Stored records
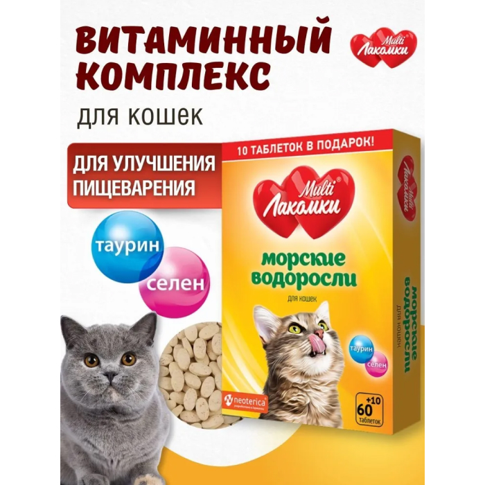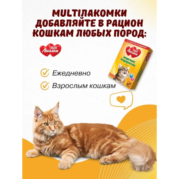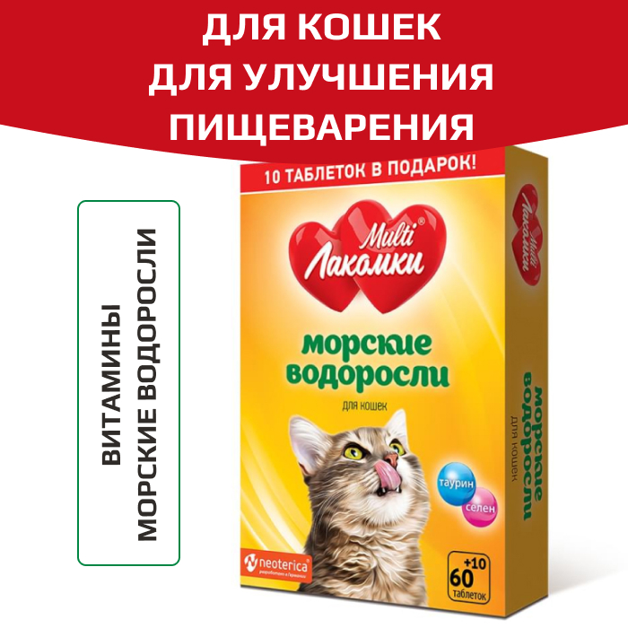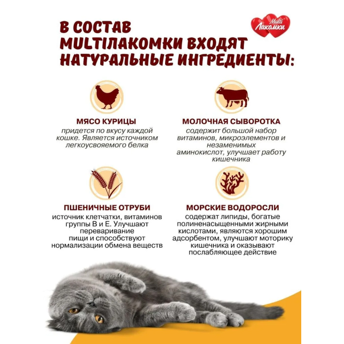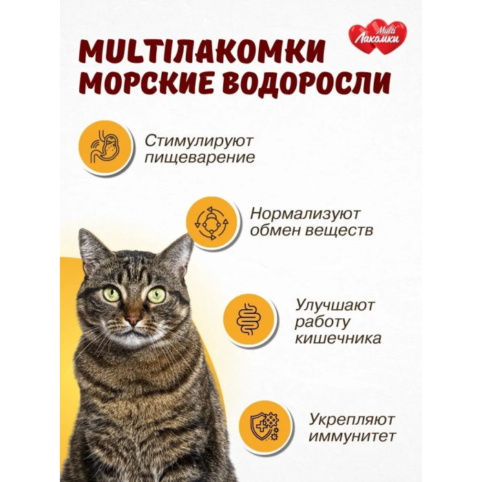 MultiЛакомки Морские водоросли - для улучшения пищеварения и поддержания иммунитета. MultiЛакомки - это прекрасное дополнение к ежедневному рациону кошки. Побалуйте любимого питомца МультиЛакомками или поощрите за хорошее поведение. Удивительно вкусные лакомства не оставят питомца равнодушным!
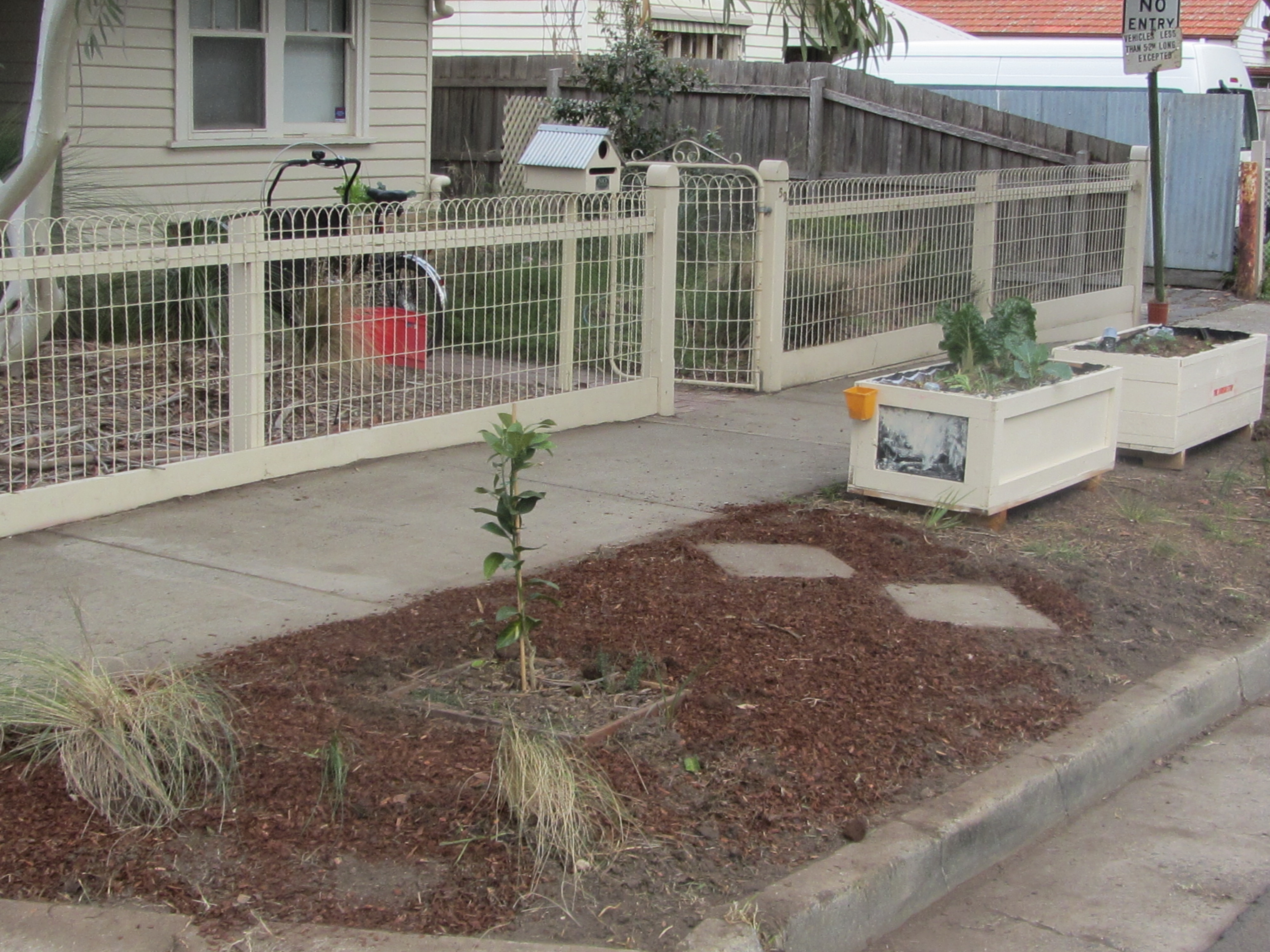 Our inspection occurred and Darebin council were pretty positive about what we have done. We have to jump through some paperwork hoops and notate everything we’ve done but it’s pretty exciting that they have not only provisionally approved what we have done but also want to promote this as good practice. We spent the weekend digging up the last of the grass, planting more natives and spray painting the logo’s on the boxes. We also started covering the ground in mulch, though this is quiet slow since it’s happening one cargo bike load at a time. I think it looks great though.
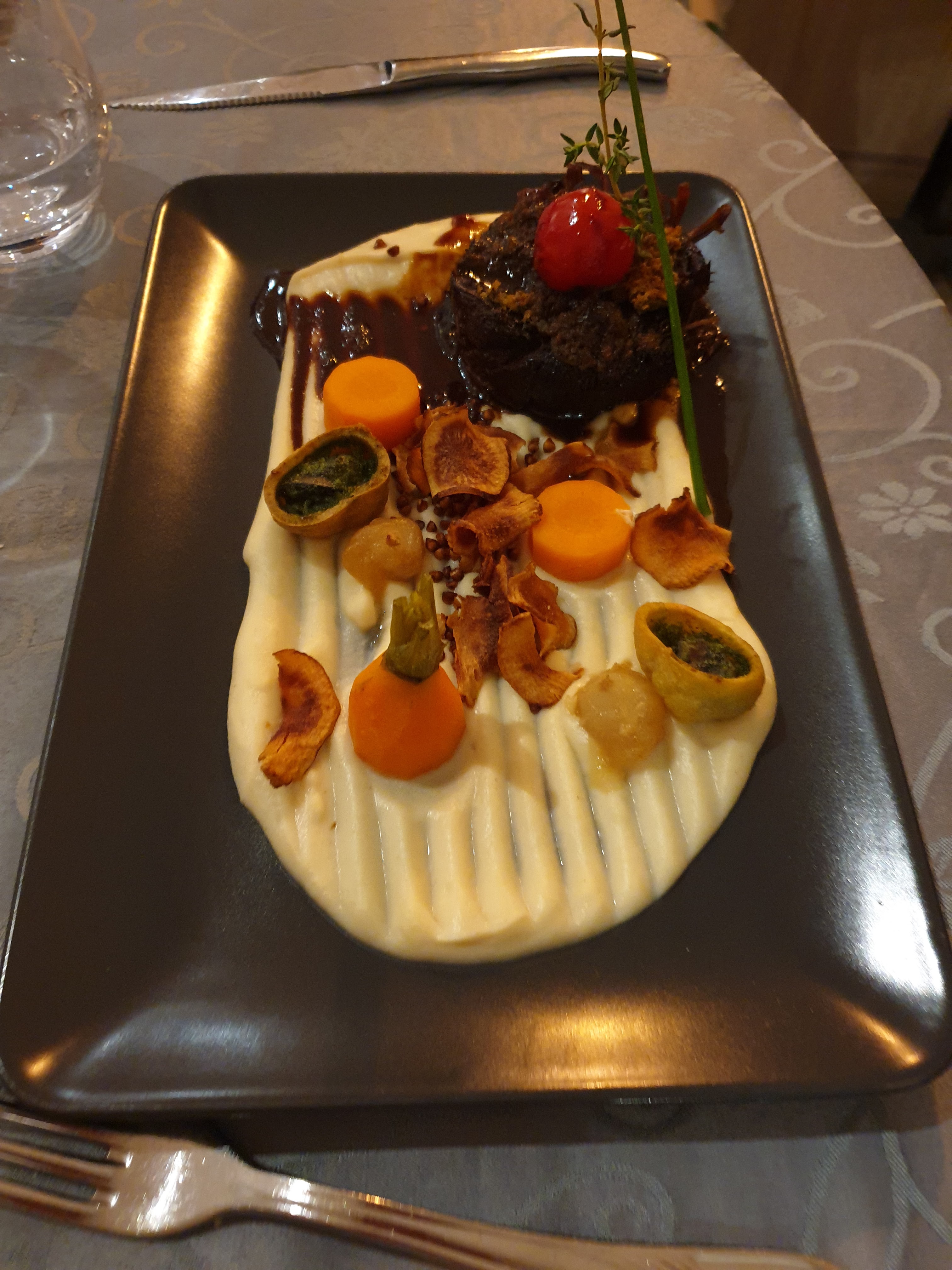 L'épaule de veau était très sec je déconseille,je préfère fortement mon menu kebab sauce blanche à 6€50 de st Étienne et de plus sur les autres tables il y avait des pots de fleurs et pas sur la mienne et en dernier la cheminée était éteinte alors qu'il faisait froid.
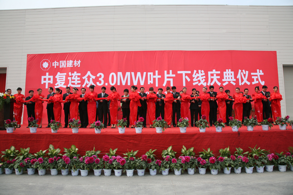 10月18日,連云港中復(fù)連眾復(fù)合材料集團的葉片工廠和連云港市文化藝術(shù)中心花團錦簇,中復(fù)連眾3兆瓦風(fēng)力葉片下線儀式和20周年慶典隆重舉行。國務(wù)院國資委監(jiān)事會主任陳琦良,國家工信部規(guī)劃司副司長劉樹蘋,國家科技部能源處副處長譚可榮,中國建筑材料集團公司總經(jīng)理姚燕,中國建材集團外部董事曹德生、王振侯、郭建堂,中國建筑材料聯(lián)合會副會長陳國慶,中國建材報社社長陳才來,中國復(fù)合材料集團有限公司董事長張定金,華銳風(fēng)電科技股份有限公司董事長、總裁韓俊良,金風(fēng)科技股份有限公司總裁郭健等參加了3兆瓦葉片下線儀式和中復(fù)連眾成立20周年慶典。
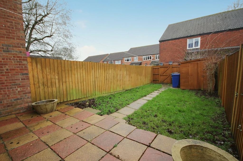 The rear garden features a patio area with pathway leading to rear pedestrian access gate and laid to lawn either side, enclosed with fencing.
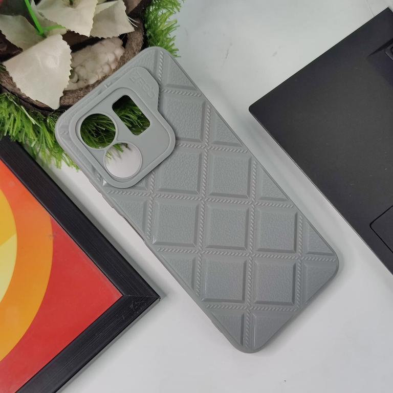 Protect your Infinix Smart 9 HD with this stylish gray case featuring a unique 3D cube leather texture design. It comes equipped with a camera protection feature to ensure your device remains safe from scratches and damage.
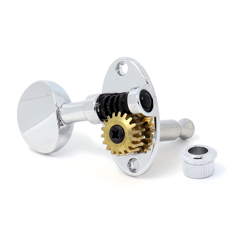 The original Roundbacks from Kluson! "Roundbacks" are closed type, maintenance-free tuners for modern 10mm pegholes. The special 18:1 gear-ratio allows for extremely smooth and precise tuning. Lowest tolerances and best manufacturing technology make the Kluson "Roundbacks" the perfect standard for modern tuning machines. for 3+3 headstocks Kidney Buttons...
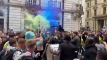 Leeds fans celebrate with street band on Park Row
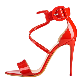 حذاء نسائي مثير برباط من الجلد الأحمر والأسود والوردي والأبيض لفستان الزفاف مع حزام بإبزيم ونعل من البولي يوريثان
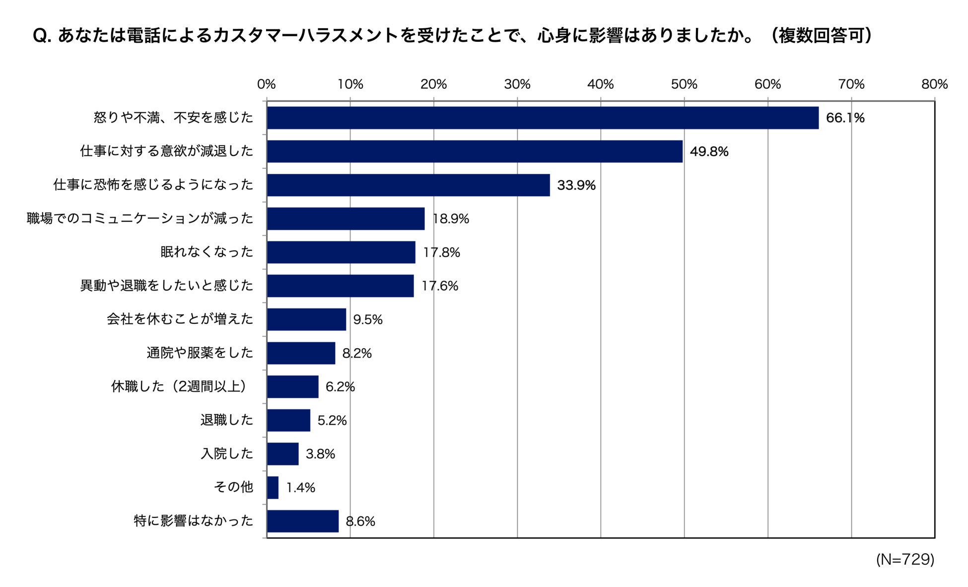 電話によるカスハラを受けたことによる心身への影響は、多い順に「怒りや不満、不安を感じた(66.1%)」「仕事に対する意欲が減退した(49.8%)」「仕事に恐怖を感じるようになった(33.9%)」となりました。
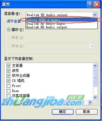 5. 在打开的属性窗口里面,点击混音器下拉菜单,选择Lenovo USB2.0 Audio ,之后点击确定。

* [TRY IT]:
Only the text of the records above is to be reproduced, exactly as given; the pictures are dropped.

* [ANSWER SPACE]:
 MultiЛакомки Морские водоросли - для улучшения пищеварения и поддержания иммунитета. MultiЛакомки - это прекрасное дополнение к ежедневному рациону кошки. Побалуйте любимого питомца МультиЛакомками или поощрите за хорошее поведение. Удивительно вкусные лакомства не оставят питомца равнодушным!
 Our inspection occurred and Darebin council were pretty positive about what we have done. We have to jump through some paperwork hoops and notate everything we’ve done but it’s pretty exciting that they have not only provisionally approved what we have done but also want to promote this as good practice. We spent the weekend digging up the last of the grass, planting more natives and spray painting the logo’s on the boxes. We also started covering the ground in mulch, though this is quiet slow since it’s happening one cargo bike load at a time. I think it looks great though.
 L'épaule de veau était très sec je déconseille,je préfère fortement mon menu kebab sauce blanche à 6€50 de st Étienne et de plus sur les autres tables il y avait des pots de fleurs et pas sur la mienne et en dernier la cheminée était éteinte alors qu'il faisait froid.
 10月18日,連云港中復(fù)連眾復(fù)合材料集團的葉片工廠和連云港市文化藝術(shù)中心花團錦簇,中復(fù)連眾3兆瓦風(fēng)力葉片下線儀式和20周年慶典隆重舉行。國務(wù)院國資委監(jiān)事會主任陳琦良,國家工信部規(guī)劃司副司長劉樹蘋,國家科技部能源處副處長譚可榮,中國建筑材料集團公司總經(jīng)理姚燕,中國建材集團外部董事曹德生、王振侯、郭建堂,中國建筑材料聯(lián)合會副會長陳國慶,中國建材報社社長陳才來,中國復(fù)合材料集團有限公司董事長張定金,華銳風(fēng)電科技股份有限公司董事長、總裁韓俊良,金風(fēng)科技股份有限公司總裁郭健等參加了3兆瓦葉片下線儀式和中復(fù)連眾成立20周年慶典。
 The rear garden features a patio area with pathway leading to rear pedestrian access gate and laid to lawn either side, enclosed with fencing.
 Protect your Infinix Smart 9 HD with this stylish gray case featuring a unique 3D cube leather texture design. It comes equipped with a camera protection feature to ensure your device remains safe from scratches and damage.
 The original Roundbacks from Kluson! "Roundbacks" are closed type, maintenance-free tuners for modern 10mm pegholes. The special 18:1 gear-ratio allows for extremely smooth and precise tuning. Lowest tolerances and best manufacturing technology make the Kluson "Roundbacks" the perfect standard for modern tuning machines. for 3+3 headstocks Kidney Buttons...
 Leeds fans celebrate with street band on Park Row
 حذاء نسائي مثير برباط من الجلد الأحمر والأسود والوردي والأبيض لفستان الزفاف مع حزام بإبزيم ونعل من البولي يوريثان
 電話によるカスハラを受けたことによる心身への影響は、多い順に「怒りや不満、不安を感じた(66.1%)」「仕事に対する意欲が減退した(49.8%)」「仕事に恐怖を感じるようになった(33.9%)」となりました。
 5. 在打开的属性窗口里面,点击混音器下拉菜单,选择Lenovo USB2.0 Audio ,之后点击确定。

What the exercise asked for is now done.